Limitations & Future Work¶
- Reliance on Frozen DINOv3 Priors: The method relies on the strong semantic priors provided by DINOv3. Its effectiveness on encoders with weaker priors or significantly different medical imaging characteristics remains to be verified.
- Complexity of Hypergraph Scoring: Several thresholds (purity, selection percentile, anomaly threshold, temperature \(\tau\)) are introduced. While robustness is reported, cross-dataset transferability may require further validation.

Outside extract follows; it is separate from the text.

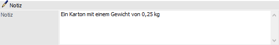 Das Feld Notiz kann dafür genutzt werden, dass nähere Informationen zu dieser Verpackung eingegeben werden können. Die Notiz ist für den Andruck bestimmt. Das heißt, sie kann in allen Listen, in denen die Verpackungsarten (T123) geladen sind, mit angedruckt werden.

- Evaluation on Simple Structures: The method was tested on cardiac and abdominal organs with relatively regular shapes and few classes. Its effectiveness on more complex or irregular structures (e.g., lesions, vascular trees) has not yet been tested.
Related Work & Insights¶
- vs. SIFA: SIFA uses adversarial learning for monolithic image/feature alignment, which remains a content-agnostic global mapping. SHAPE’s HFM performs class-aware local mixing to preserve inter-class discriminability.
- vs. UPL-SFDA / IPLC: These methods filter pseudo-labels based on pixel-level uncertainty, which fails to block anatomically implausible global predictions. SHAPE uses hypergraphs as a "global structure" quality gate.
- vs. GNN-based Modeling: GNNs only represent pairwise relations and cannot model the holistic interactions of multiple structures. SHAPE uses hypergraphs to express higher-order relations for the first time as a pseudo-label quality gate in UDA.
Rating¶
- Novelty: ⭐⭐⭐⭐⭐ First use of hypergraphs as pseudo-label plausibility gates combined with class-aware feature modulation.
- Experimental Thoroughness: ⭐⭐⭐⭐ Solid comparison across two datasets, ablation studies, and visualizations, though limited to few-class regular organs.
- Writing Quality: ⭐⭐⭐⭐⭐ Clearly articulated motivations regarding the two fundamental flaws in prior work, with clear formulas and cascade logic.
- Value: ⭐⭐⭐⭐ Practical SOTA improvement on cross-modal medical UDA with open-source code, though dependent on strong encoder priors.